Let’s check the language of the bill:
(a) Except as provided by Subsection (b), information collected by the court, court personnel, or prosecuting attorney during the grand jury selection process about a person who serves as a grand juror, including the person’s name, home address, home telephone number, social security number, driver’s license number, and other personal information, is confidential and may not be disclosed by the court, court personnel, or prosecuting attorney.
Notice what the bill doesn’t say – it doesn’t say that grand jurors, such as Patricia Pollard, are prohibited from outing themselves or holding their own press conferences or write letters that make wild accusations when they know for a fact that no criminal activity occurred. It begs the question: did someone at the Harris County District Attorney’s Office ask Estes to carry this terrible bill? Harris County Assistant District Attorney Justin Wood registered to testify for the bill.
I realize that a lot of this is “inside baseball” to those of you that do not live in Harris County and aren’t familiar with the shameful campaign of the current DA. And maybe it is boring to you.
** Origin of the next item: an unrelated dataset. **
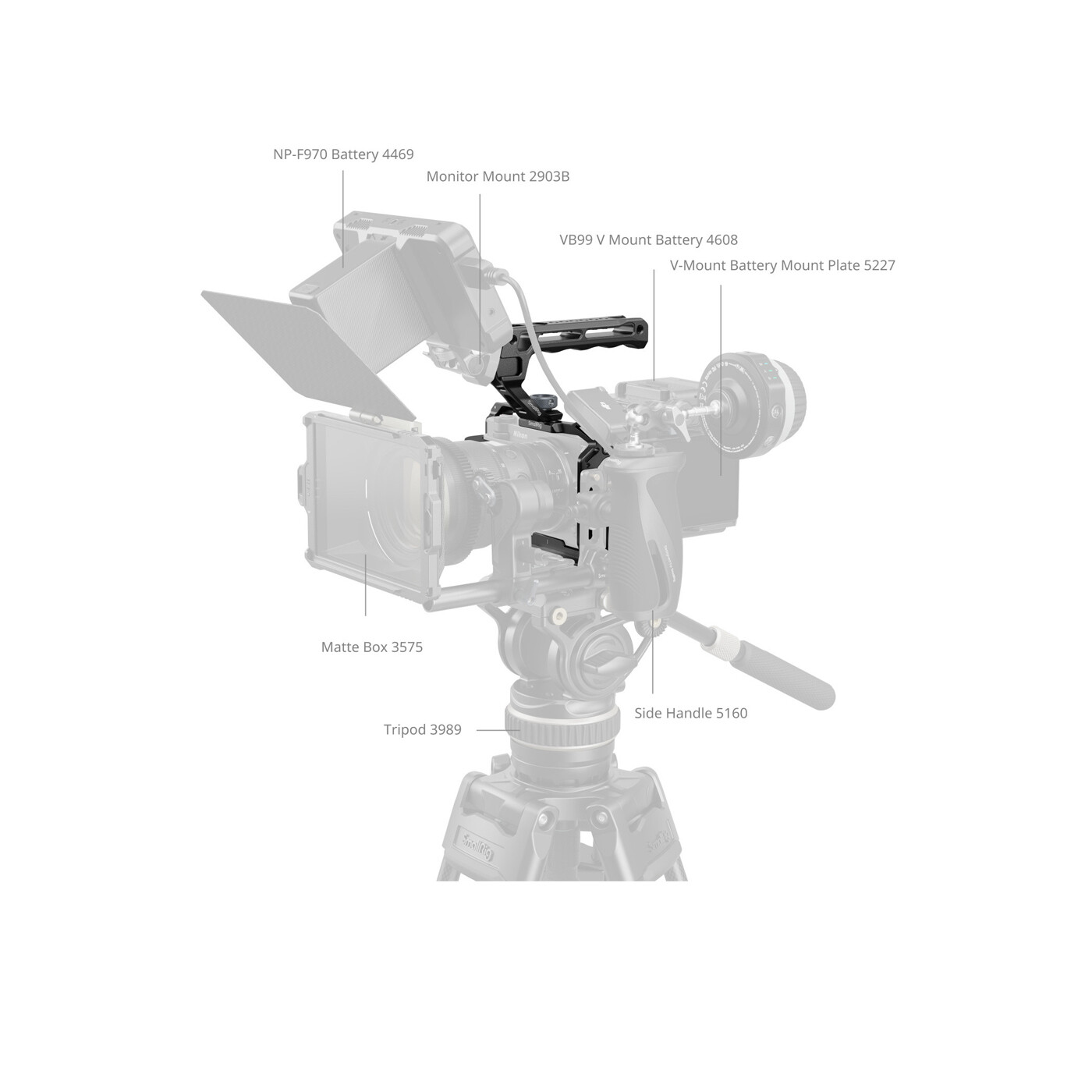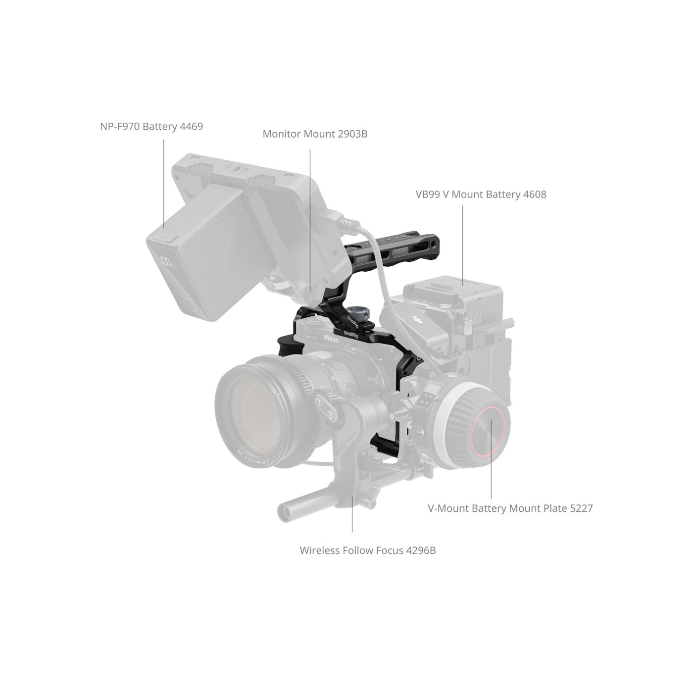 Cagen erbjuder omfattande expansionsmöjligheter, inklusive flera 1/4"-20 gängade hål och locating holes för montering av tillbehör såsom side handles (ID 5532) eller magic arms (ID 5308, 4900). Den har även 3/8"-16 ARRI locating holes för montering av monitor mounts (ID 2903B) eller top handles (ID 5252, 3765). Inbyggda cold shoe mounts möjliggör montering av mikrofoner (kompatibla med DJI MIC 2) eller ljus (ID 4660), medan den nedre QD-sockeln stöder QD-axelremmar (ID 4118B). Dessutom kan remfästen användas för handledsremmar (ID 3848) eller axelremmar (ID 4882, 5208).

But just as we can’t have runaway prosecutors like Mike Nifong, we can’t have secret, runaway tribunals that abuse the power of the grand jury process so that they can get their favorite politician elected.
Unfortunately, the bill was passed out of the Criminal Justice committee and is now sitting on the intent calendar. It is hard for me to believe that Sen. John Whitmire, Chair of the committee, let this happen but it is what it is. Perhaps other leaders of the Senate, maybe even Lt. Gov. David Dewhurst, will see this bill as the cancer it is and will leave it sitting in the dust bin of history. One can only hope. And act. I’ll be acting by contacting my senator, Sen. Larry Taylor, and asking him to vote against this bill if it comes to the floor for a vote and I hope that you do the same by contacting your senator.
Transparency is a good thing. Secret, runaway grand juries are a bad thing. Take that to the bank.
Schumacher says
Excellent article Mr. Jennings! This is a serious bill that needs to be tabled. Your report is the very reason why. We don’t need another Grand Jury that you spoke of and there needs to be some form of stats kept on how many times people serve on the Grand Jury and whom appoints them. This Patricia Pollard that you spoke of in the report and the D.A. Mike Anderson must be serious friends.
Chris Carmona says
The Grand Jury system is a joke and an embarrassment to the profession of practicing law, and when we have judges like Susan Brown further abusing the system, it makes me shake my head for choosing to be a Defense attorney as a career. Susan Brown’s Grand Jury and the embarrassment from the witch hunt against Pat Lykos and Rachel Palmer, has become the norm for most paneled Grand Juries in Harris County. The Grand Jury should be selected from a pool of jurors, better known as your fellow neighbors and community. When you have a judge hand pick or select the GJ like Susan Brown did using the same 4 paneled GJs that previous Judge Mike Anderson used, then you are perverting the judicial process as anyone charged of a felony does not have the opportunity to have their case brought before their peers. And from a minority outreach perspective, this is an embarrassment as we tell the “minority” voting blocks to vote for Conservatives or Republican Criminal Judges, but these GJ panels are mostly composed of white, non-minorities. When we elect “Conservative” judges to the bench, lets make sure they are able to interpret and follow the intent of the law and constitution, not their own personal beliefs and agendas. Transparency allows for us to rightfully criticize the system and encourage integrity, this proposed bill would eliminate that.